> **Your assignment**:
Omit all pictures and transcribe only the lines in the entries below that run from the line with "Mynd af þrem" through the line with "Vallérysthal Opaline Bowl".

> **Exercise inputs**:
···
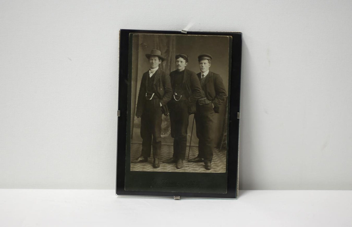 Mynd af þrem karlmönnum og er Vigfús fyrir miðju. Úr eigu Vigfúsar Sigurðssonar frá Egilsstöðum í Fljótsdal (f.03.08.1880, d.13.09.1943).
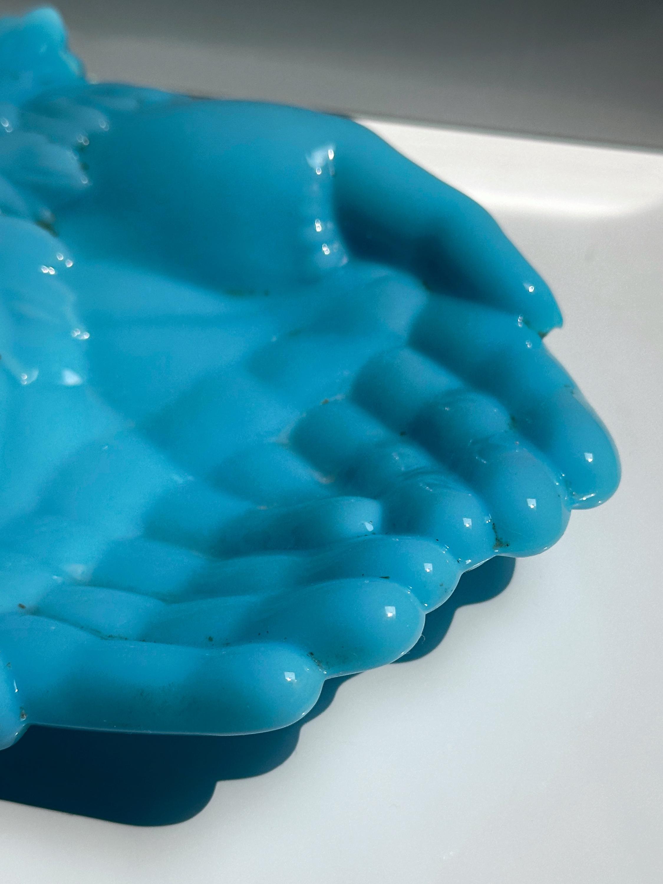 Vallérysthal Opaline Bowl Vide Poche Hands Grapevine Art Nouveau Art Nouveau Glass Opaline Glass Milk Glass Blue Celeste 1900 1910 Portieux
···
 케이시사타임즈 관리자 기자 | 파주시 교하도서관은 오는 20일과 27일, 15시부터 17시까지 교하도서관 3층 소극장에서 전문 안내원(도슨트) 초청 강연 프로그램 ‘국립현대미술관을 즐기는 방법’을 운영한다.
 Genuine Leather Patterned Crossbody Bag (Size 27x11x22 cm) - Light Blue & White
···
> **Response**:
 Mynd af þrem karlmönnum og er Vigfús fyrir miðju. Úr eigu Vigfúsar Sigurðssonar frá Egilsstöðum í Fljótsdal (f.03.08.1880, d.13.09.1943).
 Vallérysthal Opaline Bowl Vide Poche Hands Grapevine Art Nouveau Art Nouveau Glass Opaline Glass Milk Glass Blue Celeste 1900 1910 Portieux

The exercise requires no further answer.